In the 1960s, Ziden and Helen Nutt moved to Rhodesia (modern-day Zimbabwe) to serve as missionaries. They showed films to share the message of the Gospel, and while large crowds came to watch, they seemed to respond to the entertainment more than the message. Ziden stopped showing the films, but one day while they were working together on a building project, a local believer challenged Ziden to produce his own films. Ziden chuckled to himself, but this suggestion planted the seed for Good News Productions. Within the next few years, Ziden produced the first film strip which featured Africans and reflected local language and customs.
When he began showing it, the response was overwhelming. "We had two mobile units that were equipped with loudspeakers, and we travelled throughout the villages inviting people to come to our meetings and see our filmstrip with the Christian message," Nutt said. "Sometimes as many as 2,000 people would gather as we drove through those villages and we had over 1,000 people a year coming to Christ."
It was obvious that Gospel-centered, culturally relevant media had the potential to make a huge impact on evangelism. Missionaries from all over the world began contacting Ziden and requesting similar materials, customized to the languages and cultures where they worked.

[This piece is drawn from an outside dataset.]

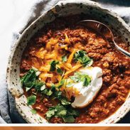 Toppings: For vegetarian chili – sour cream and cheddar or queso fresco. For vegan chili – cilantro, avocado, pickled onion or jalapeno, radishes, tortilla chips.

By 1975, Ziden and family made the difficult decision to return to the United States due to the health concerns of their youngest child. God turned this personal trial into something beneficial for the ministry when Good News Productions later became Good News Productions, International (GNPI). Our headquarters were established in Joplin, MO, where they remain today.
Through the 1970s and 1980s, we continued to produce resources for strategic evangelism, always preaching the Gospel message but contextualizing our methods for each culture and worldview. We began experimenting with solar technology and satellite systems, sending our first solar-powered projector to Thailand in 1981 and launching the ABLE satellite system in 1987.
Through solar packs, we could take a visual presentation of the Gospel into cultures populated by oral and visual learners and communicate the good news in a way that was meaningful and relevant to them. And because the projectors were solar-powered, we didn’t need to haul generators or other power sources into these communities. Missionaries were using our resources to share the Gospel with unreached people groups in culturally relevant ways, maximizing their discipleship efforts.
As we looked into the potential of satellite technology in the 80s, GNPI was asked to partner with churches from 37 denominations to develop a groundbreaking system for training Christian leaders all over the world. We called this system ABLE (A Biblical Leadership Education), and we started broadcasting in 1987. At that time, more than 1,000 Bible lessons per month were being broadcast all over the world. Christians in India, North Africa, the Middle East, South America, and many other places were getting regular, Bible-based instruction, equipping them for service and leadership in their local contexts.
Satellite broadcasting paved the way for online streaming and we took advantage of that technology, too. We continued to explore every possible means for preaching the good news to every tribe and tongue in the medium that would be most relevant to them. We adopted the slogan, "Many cultures, many methods, one message.”
By the early 90s, we had established two regional centers in India and Singapore, and over the next decade, we established seven regional centers across the globe. From these outposts, we could produce and distribute more content to more missionaries and church workers at a faster rate. Different regional centers specialized in different fields, producing television programs, radio broadcasts, discipleship resources, and other visual and audio presentations of the Gospel.
Through the 2000s, we continued establishing regional centers and began building grassroots media teams in strategic places, which we called Nomad teams. Nomad teams work to quickly identify cultural trends in different parts of the world. They produce media content and social media strategies that use these trends as in-roads to present the Gospel in culturally relevant ways.
Today, GNPI has grown to include 17 regional centers and Nomad teams. We’ve produced visual and audio media in more than 100 languages and shared the Gospel with millions of people worldwide. With the growth of internet technology and social media, we’re also developing platforms and strategies for engaging with different cultures and worldviews online.
Whatever the method, whatever the strategy, our goal is the same. GNPI exists to preach the good news to every tribe and tongue, in a way that is most meaningful and relevant to each of those people groups.